25/08/2026

Polres Buleleng Selidiki Dugaan Pencabulan Anak oleh Oknum Guru, Pendalaman Bukti Terus Dilakukan

0
image

Unit PPA Satreskrim Polres Buleleng menangani laporan dugaan kekerasan seksual terhadap siswi berusia 12 tahun dengan mengedepankan perlindungan hak korban dan proses hukum secara profesional.

SINGARAJA, IKLIKBALI – Satuan Reserse Kriminal (Satreskrim) Polres Buleleng melalui Unit Perlindungan Perempuan dan Anak (PPA) tengah menangani laporan dugaan tindak pidana kekerasan seksual terhadap seorang anak perempuan berusia 12 tahun. Terlapor dalam kasus tersebut merupakan seorang oknum guru di sekolah tempat korban menempuh pendidikan.

Laporan resmi diterima Polres Buleleng pada 6 Juli 2026 setelah orang tua korban melaporkan dugaan peristiwa yang sebelumnya disampaikan korban kepada pihak keluarga.

Kasi Humas Polres Buleleng, Iptu Yohana Rosalin Diaz, menjelaskan bahwa penanganan perkara saat ini masih berada pada tahap penyelidikan.

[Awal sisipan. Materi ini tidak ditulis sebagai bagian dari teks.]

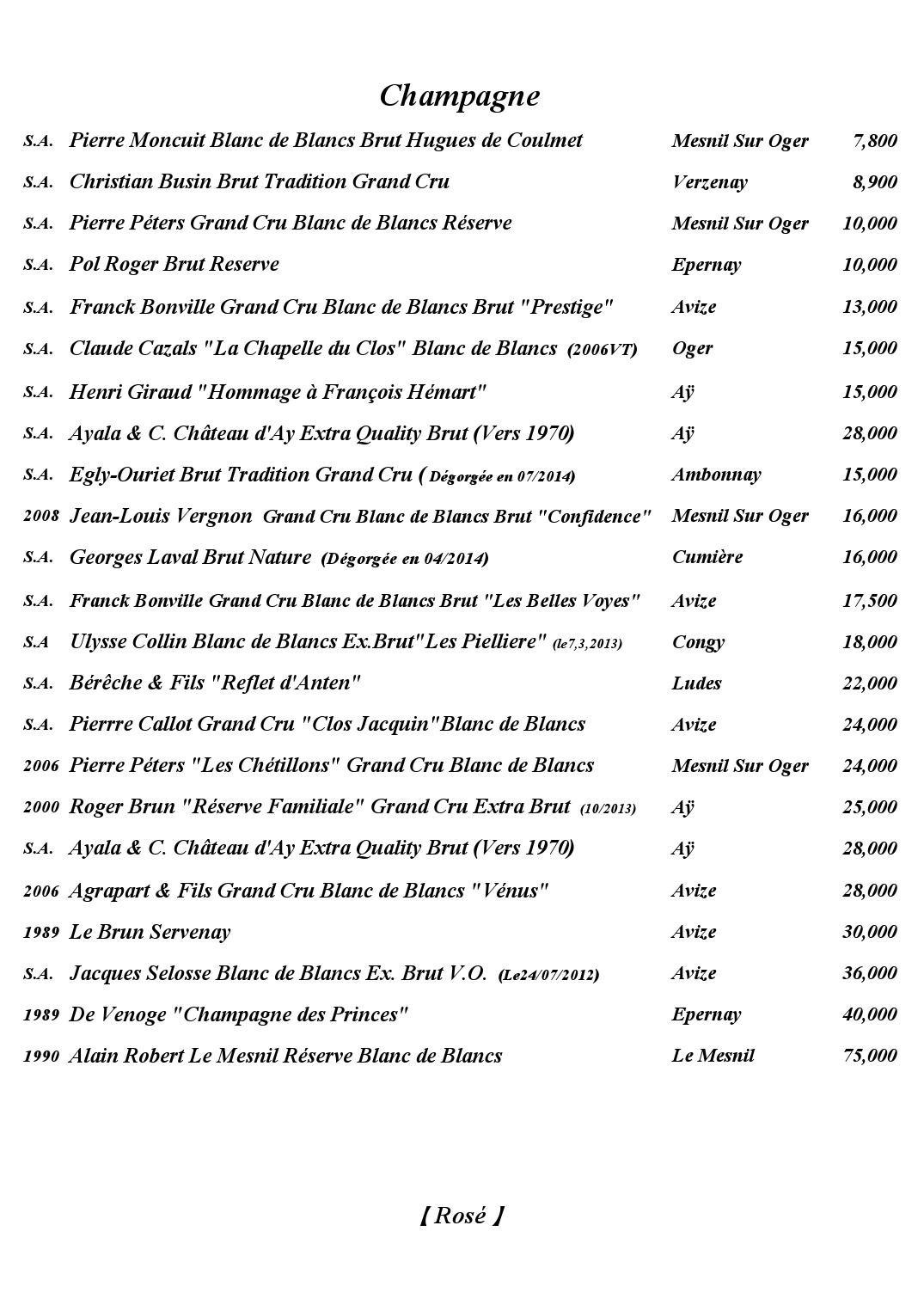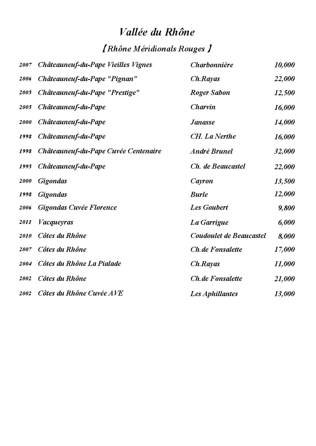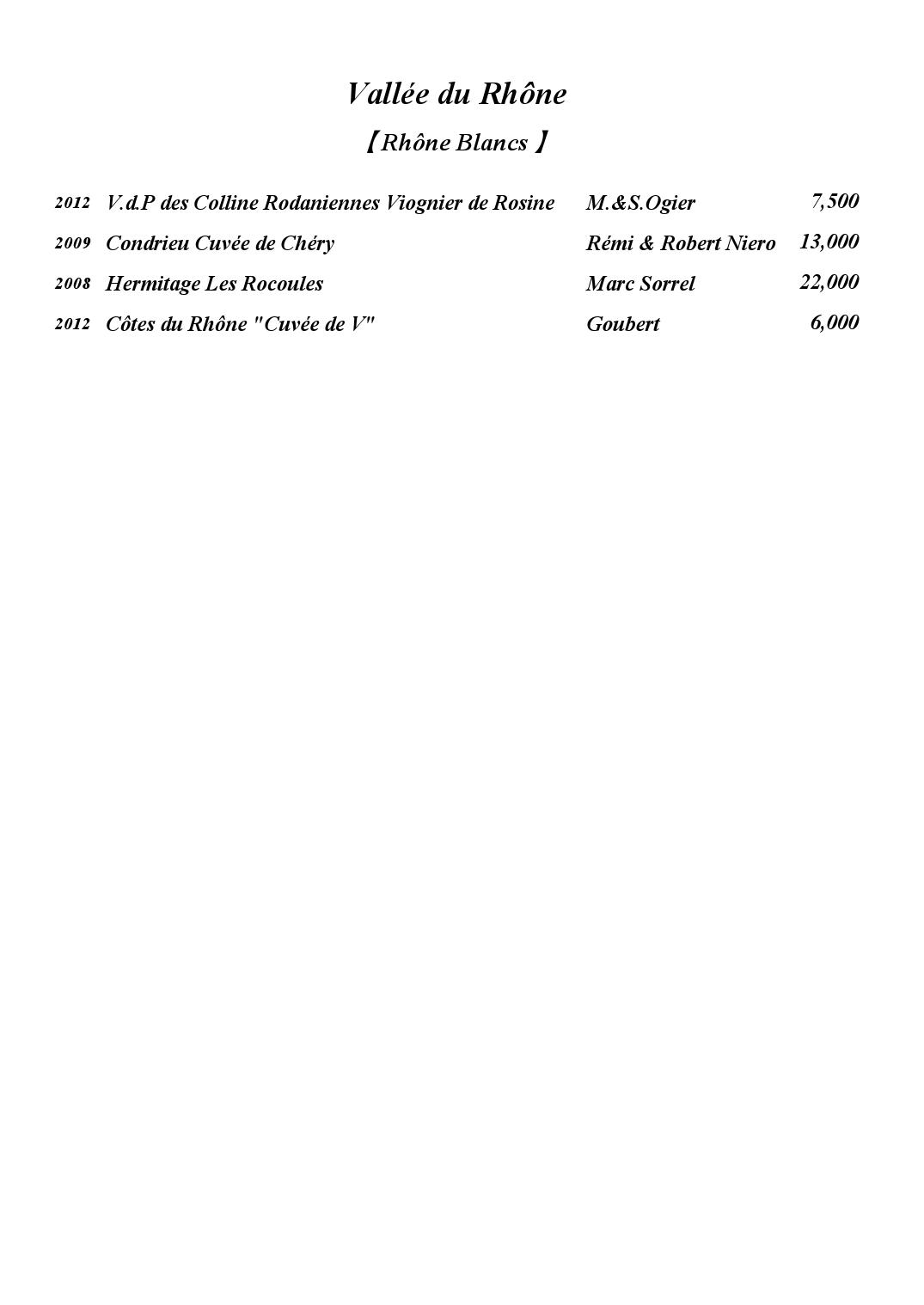 <シャンパーニュ> 2005フェルナン・ヴォーヴェルサン・GC・EXブリュット・ブラン・ド・ブラン/オジェ¥12,600 2004ピエール・モンキュイ・″ニコラ・モンキュイ″・GC・ブラン・ド・ブラン¥17,500 S.A.ピエール・カロ″クロ・ジャカン″/アヴィズ¥21,000 <ブルゴーニュ・白> 1982シャサーニュ・モンラッシェ/フェルナン・ショーヴ¥29,800 2004モンテリー・レ・シャン・フリオ/ルーロ¥13,650 2010コルトン・シャルルマーニュ/デュブレール¥25,000 2011シャサーニュ・モンラッシェ・モルジョ/シャントリーヴ¥14,700 <ブルゴーニュ・赤> 1971ヴォルネイ・クロ・ド・ラ・ブス・ドール/プス・ドール¥78,000 1979ポマール・レ・ザリジエール/ルジューヌ¥29,800 1986ポマール・レ・リュジャン/フェリックス・クレルジェ¥24,000 1997シャサーニュ・モンラッシェ・モルジョ/プリュール・ブリュネ¥15,750 2008ボーヌ・ソン・ヴィーニュ/アルベール・モロ¥8,800 <ローヌ>

Penyidik Unit PPA terus mengumpulkan keterangan dari korban, saksi-saksi, serta berbagai alat bukti guna mengungkap secara utuh kronologi dugaan tindak pidana tersebut.

Berdasarkan laporan yang diterima kepolisian, dugaan peristiwa terjadi dalam dua kesempatan berbeda, yakni pada Maret 2026 dan kembali pada 14 Juni 2026 di lingkungan sekolah. Korban mengaku mengalami tindakan yang diduga merupakan pelecehan seksual yang dilakukan oleh seorang guru berinisial MGAW.

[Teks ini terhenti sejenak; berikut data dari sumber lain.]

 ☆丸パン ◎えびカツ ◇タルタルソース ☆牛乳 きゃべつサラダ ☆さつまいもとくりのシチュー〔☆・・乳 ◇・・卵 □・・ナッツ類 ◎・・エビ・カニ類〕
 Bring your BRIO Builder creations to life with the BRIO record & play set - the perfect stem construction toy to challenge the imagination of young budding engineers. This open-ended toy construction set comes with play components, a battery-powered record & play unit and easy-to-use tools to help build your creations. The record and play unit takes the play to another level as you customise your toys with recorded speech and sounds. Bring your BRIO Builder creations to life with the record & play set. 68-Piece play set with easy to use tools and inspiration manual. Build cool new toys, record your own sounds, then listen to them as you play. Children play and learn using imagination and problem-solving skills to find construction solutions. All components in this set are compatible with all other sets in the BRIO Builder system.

Peristiwa tersebut kemudian diceritakan korban kepada bibinya, yang selanjutnya menyampaikan informasi itu kepada orang tua korban. Merasa keberatan atas dugaan peristiwa yang dialami anaknya, pihak keluarga akhirnya melaporkan kasus tersebut ke Polres Buleleng.

Laporan tersebut telah teregistrasi dengan Nomor LP/B/187/VII/2026/SPKT/Polres Buleleng/Polda Bali tertanggal 6 Juli 2026 dan saat ini sedang diproses sesuai ketentuan hukum yang berlaku.

Iptu Yohana Rosalin Diaz menegaskan bahwa penyidik masih melakukan pendalaman terhadap seluruh fakta yang diperoleh selama proses penyelidikan.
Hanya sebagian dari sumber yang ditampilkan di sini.